In der Video­ar­beit „No Ordi­nary Protest“ (2018) des grie­chisch-briti­schen Künst­lers Mikhail Kari­kis (*1975) stellt Ted Hughes‘ „The Iron Woman“ den Ausgangs­punkt dar. In Work­shops mit Kindern einer Londo­ner Grund­schul­klasse ließ er diese über den Inhalt des Buches disku­tie­ren. „No Ordi­nary Protest“ zeigt die sieben­jäh­ri­gen Schü­ler bei ihren Gesprä­chen und dabei, wie sie sich Gedan­ken über Umwelt­ver­schmut­zung und deren Auswir­kung auf die Tier­welt machen. „Humans are animals as well“ sagt ein Mädchen und löst damit eine lebhafte Diskus­sion aus. Als zentra­len Punkt seiner bishe­ri­gen Arbei­ten beschrieb Mikhail Kari­kis im Inter­view mit der White­cha­pel Gallery folgende Frage: „What kind of trans­for­ma­tive power does commu­nal sound-making have?“

What kind of transformative power does communal sound-making have?

Mikhail Karikis
Mikhail Karikis, No Ordinary Protest, 2018, production photograph, Courtesy the artist

NO ORDINARY PROTEST

Teaser zu Mikhail Karikis Videoarbeit

Die Kinder bat der Künstler deshalb darum, den Schrei der eisernen Frau auf verschiedene Weise nachzubilden: mit Instrumenten oder Spielzeug, durch Händeklatschen oder mit der eigenen Stimme. Die Soundschnipsel verwob Karikis dann zu einer Komposition, die in „No Ordinary Protest“ dann im wahrsten Sinne des Wortes Berge versetzt: abgefilmte Mikrolandschaften bewegen sich durch die Vibrationen der Klänge und die vom Künstler gestellte Frage scheint sich auf beeindruckende Weise zu beantworten.
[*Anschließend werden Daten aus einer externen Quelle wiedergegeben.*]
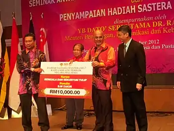 Prizes are awarded every two years for works published during the two previous years. Winners receive diplomas and a bonus of 10,000 Malaysian ringgit.[2]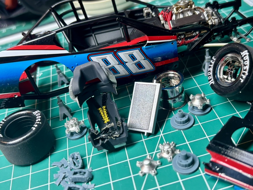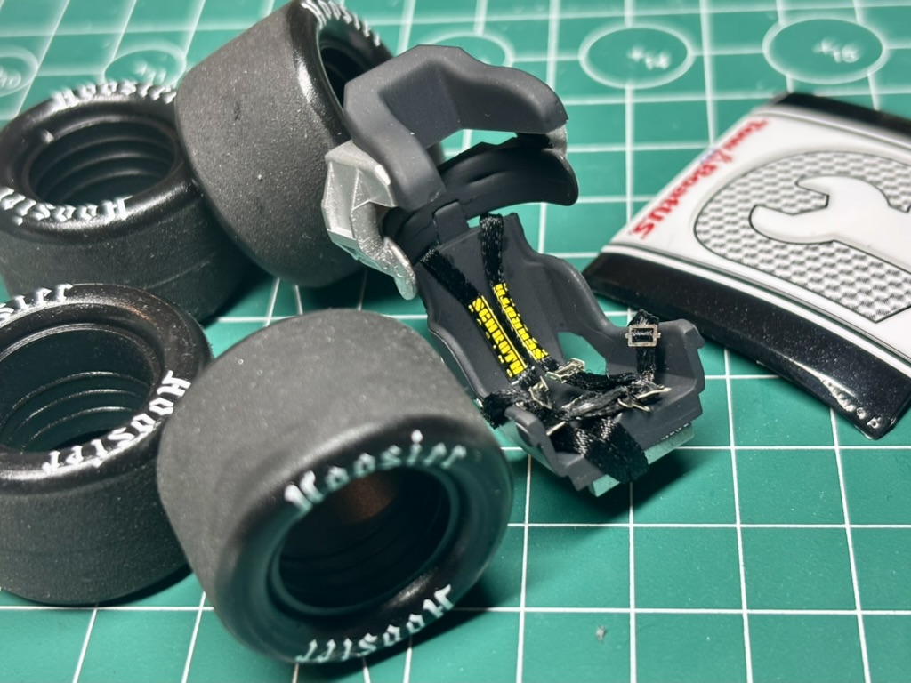 Then, I started to work on the detail – chair was completed. I used 4 point seatbelts set from Scale Production. The tires got Hoosiers decals.

Die Region in dem Film ist gemeinhin als Tal des Teufels bekannt

Klanglandschaften, Kinder und Jugendliche sowie deren Lebensrealität in ziehen sich als roter Faden auch durch die zwei anderen Arbeiten, die im Double Feature zu sehen sein werden: In der multimedialen Arbeit „Children of Unquiet“ (2014) arbeitete der Künstler mit Kindern aus der toskanischen Region zusammen, die gemeinhin als Tal des Teufels bekannt ist. Dort steht seit gut 100 Jahren eines der weltweit größten Erdwärme-Kraftwerke; für die dort angestellte Arbeiterschaft entwarf der renommierte Architekt Giovanni Michelucci im Auftrag des Stromversorgers eigens eine Arbeitersiedlung. Voranschreitende Automatisierung durch technischen Fortschritt machte die Arbeitskraft Mensch jedoch zusehends unnötiger, ganze Stadtviertel stehen mittlerweile leer.

Mikhail Karikis, Children of Unquiet, 2014, production still, Courtesy the artist
Mikhail Karikis, Children of Unquiet, 2014, production still, Courtesy the artist
Mikhail Karikis, Children of Unquiet, 2014, production still, Courtesy the artist

In „Children of Unquiet“ erstellen Kinder in Workshops futuristische Zeichnungen und Pläne, in Fotografien und Super-8-Filmen beschäftigten sie sich mit der Zukunft der verlassenen Siedlungen. Der gleichnamige Film zeigt eine Übernahme der leerstehenden Straßenzüge durch die Nachgeborenen, während sie mittels ihrer eigenen Stimmen in choralen Tonclustern versuchen den Klang des Ortes selbst wiederzugeben. Im Film „Ain’t got no fear“ (2016) beschäftige sich Mikhail Karikis wiederum mit dem Lebensalltag der jungen Bewohner der Isle of Grain in England.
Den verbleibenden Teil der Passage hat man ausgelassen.